Sei venuto per castigarci con flagelli»? O forse per rendere più pesante il nostro
giogo? Non ci è permesso di amare gli amici, e neppure di odiare i nemici? O
autore di nuove leggi, chi può intendere il tuo linguaggio? Cerchi forse
un’occasione per perderci? Il tuo nome non è Gesù? Non sei tu il nostro Dio, il
Dio che salva? Sei allora il Dio che perde? No, no! Ma perché allora mi comandi
di non odiare il mio nemico, anzi di amarlo? Come posso arrivarci?
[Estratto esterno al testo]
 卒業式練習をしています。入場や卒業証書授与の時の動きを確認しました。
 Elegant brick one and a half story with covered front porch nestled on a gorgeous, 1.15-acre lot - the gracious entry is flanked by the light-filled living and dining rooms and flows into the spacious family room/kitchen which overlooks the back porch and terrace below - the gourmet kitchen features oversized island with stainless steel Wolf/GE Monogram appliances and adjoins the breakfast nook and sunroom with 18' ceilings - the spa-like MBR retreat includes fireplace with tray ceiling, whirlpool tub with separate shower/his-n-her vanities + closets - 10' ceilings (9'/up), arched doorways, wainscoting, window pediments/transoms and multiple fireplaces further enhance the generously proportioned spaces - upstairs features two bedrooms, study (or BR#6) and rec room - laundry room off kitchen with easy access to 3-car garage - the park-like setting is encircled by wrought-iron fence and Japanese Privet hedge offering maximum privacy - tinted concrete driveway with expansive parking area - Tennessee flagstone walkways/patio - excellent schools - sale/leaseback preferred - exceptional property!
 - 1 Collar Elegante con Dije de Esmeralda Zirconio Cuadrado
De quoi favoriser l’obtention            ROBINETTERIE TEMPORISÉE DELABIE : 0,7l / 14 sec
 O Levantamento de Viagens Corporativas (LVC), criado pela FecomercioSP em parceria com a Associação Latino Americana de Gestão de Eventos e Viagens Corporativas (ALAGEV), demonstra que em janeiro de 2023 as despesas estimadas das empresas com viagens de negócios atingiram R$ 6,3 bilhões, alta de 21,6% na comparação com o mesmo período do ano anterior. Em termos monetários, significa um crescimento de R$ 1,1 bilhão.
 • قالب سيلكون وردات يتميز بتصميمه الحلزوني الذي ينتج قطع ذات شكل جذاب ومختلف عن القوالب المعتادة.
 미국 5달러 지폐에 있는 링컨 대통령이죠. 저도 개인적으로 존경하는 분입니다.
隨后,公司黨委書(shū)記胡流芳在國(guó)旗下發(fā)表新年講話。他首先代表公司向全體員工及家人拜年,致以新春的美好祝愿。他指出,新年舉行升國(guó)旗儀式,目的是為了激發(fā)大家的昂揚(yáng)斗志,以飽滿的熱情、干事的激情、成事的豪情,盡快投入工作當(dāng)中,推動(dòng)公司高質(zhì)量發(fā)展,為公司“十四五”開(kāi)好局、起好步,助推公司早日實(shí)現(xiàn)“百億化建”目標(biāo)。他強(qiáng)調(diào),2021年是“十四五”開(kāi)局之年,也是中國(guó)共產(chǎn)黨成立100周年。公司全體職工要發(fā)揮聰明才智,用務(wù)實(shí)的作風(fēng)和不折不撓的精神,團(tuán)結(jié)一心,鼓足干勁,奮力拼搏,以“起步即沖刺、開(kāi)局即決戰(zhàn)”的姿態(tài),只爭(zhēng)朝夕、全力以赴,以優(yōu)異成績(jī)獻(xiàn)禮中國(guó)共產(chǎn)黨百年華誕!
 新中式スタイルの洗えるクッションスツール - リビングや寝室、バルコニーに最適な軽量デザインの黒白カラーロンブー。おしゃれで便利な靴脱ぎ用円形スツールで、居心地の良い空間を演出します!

Ecco, basta
che io sia provocato da una minima parola ingiuriosa, e subito tutto arde dentro
di me, mi infiammo d’ira, il mio cuore brucia dalla voglia di vendicarsi, la mia
lingua si avventa all’insulto. Sono momenti in cui non conosco Dio, non ritrovo
più nella mente le tue leggi. E tu dici: «Se qualcuno si adira con il proprio
fratello sarà sottoposto a giudizio». Se poi dico al fratello «stupido» o «pazzo»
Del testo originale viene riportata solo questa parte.